PolMine / polmineR

R-package for text mining with the Corpus Workbench (CWB) as backend
49 stars 9 forks source link

Cooccurrences()-method cannot process zero left and/or right context #117

Closed PolMine closed 4 years ago

PolMine commented 4 years ago

Not a problem if you just want to prepare term-cooccurrence matrices, but for phrase detection (bigram detection), this would be necessary.

PolMine commented 4 years ago

The problem of processzing zero values for left and/or right context had been adressed a while ago.

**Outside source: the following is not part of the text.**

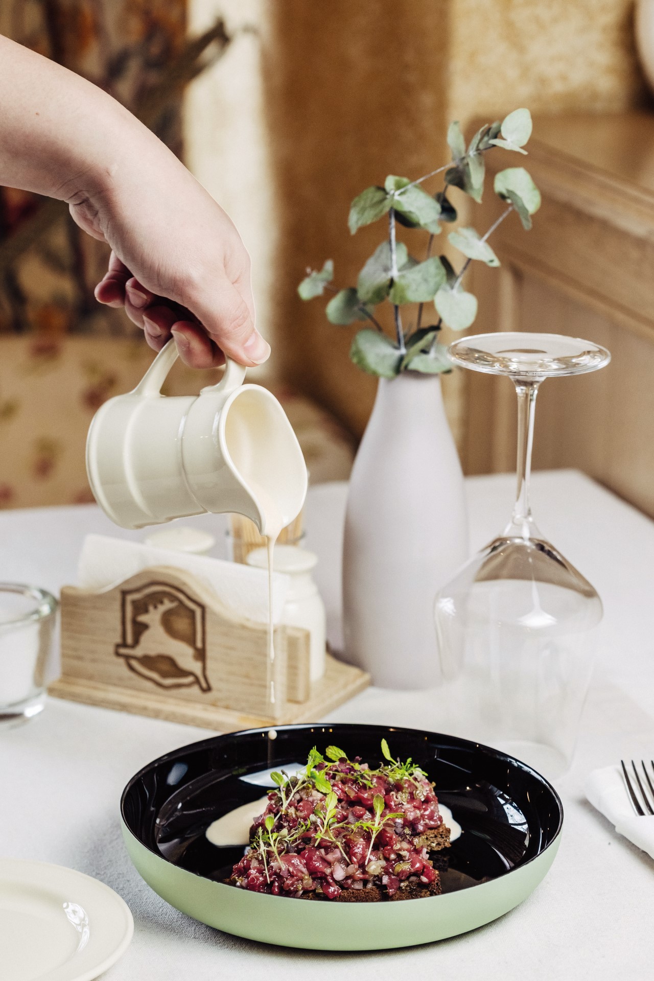 Александр: У нас достаточно интересный тартар из оленя. Мы немного изменили классический рецепт — сейчас он подаётся с соусом из молодых сыров.

This unit test checks whether everywhing works as expected.

test_that(
  "identity of phrase detection of decode-workflow and Cooccurrences workflow",
  {
    a <- corpus("GERMAPARLMINI") %>%
      decode(p_attribute = "word", s_attribute = character(), to = "data.table", verbose = FALSE) %>%
      ngrams(n = 2L, p_attribute = "word") %>%
      pmi(observed = count("GERMAPARLMINI", p_attribute = "word"))

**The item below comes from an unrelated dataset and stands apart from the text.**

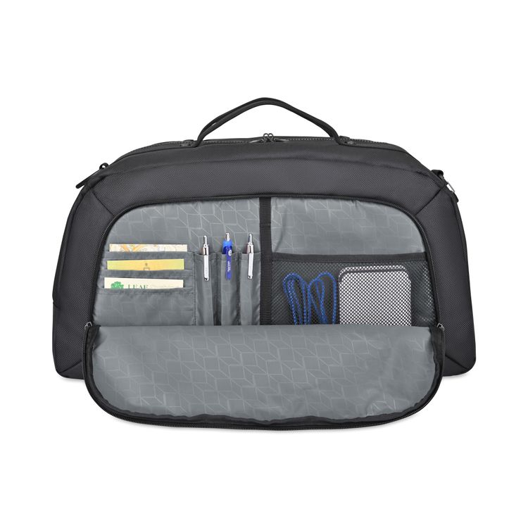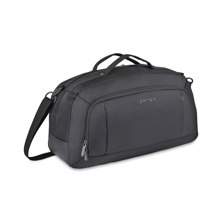 The Vertex® Brooklyn Duffel is built for short trips with a roomy main compartment, dedicated shoe or laundry pocket, and front organizer for accessories. Comfortable grab handles, a padded shoulder strap, and a trolley sleeve make it the perfect 1–3 day travel companion. Trolley strap slips over luggage handles for easy transport PVC Free Product SBN 3.26 Additional decoration charges may apply.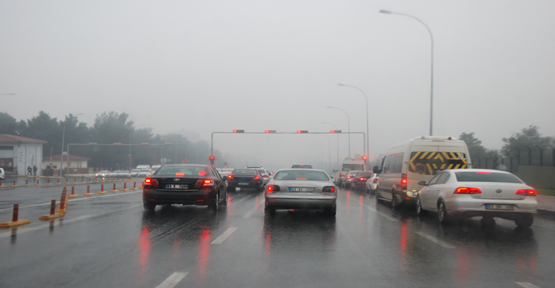 Şanlıurfa'da sabah saatlerinde etkili olan sis ve yağmur araç trafiğini etkiledi.

    b <- Cooccurrences("GERMAPARLMINI", p_attribute = "word", left = 0L, right = 1L, verbose = FALSE) %>%
      decode() %>%
      pmi()

    a_min <- subset(a, ngram_count == 5L) %>% slot("stat") %>% data.table::setorderv(cols = c("word_1", "word_2"))
    b_min <- subset(b, ab_count == 5L) %>% slot("stat") %>% data.table::setorderv(cols = c("a_word", "b_word"))

    expect_identical(nrow(a_min), nrow(b_min))
    expect_identical(a_min[["word_1"]], b_min[["a_word"]])
    expect_identical(a_min[["word_2"]], b_min[["b_word"]])
  }
)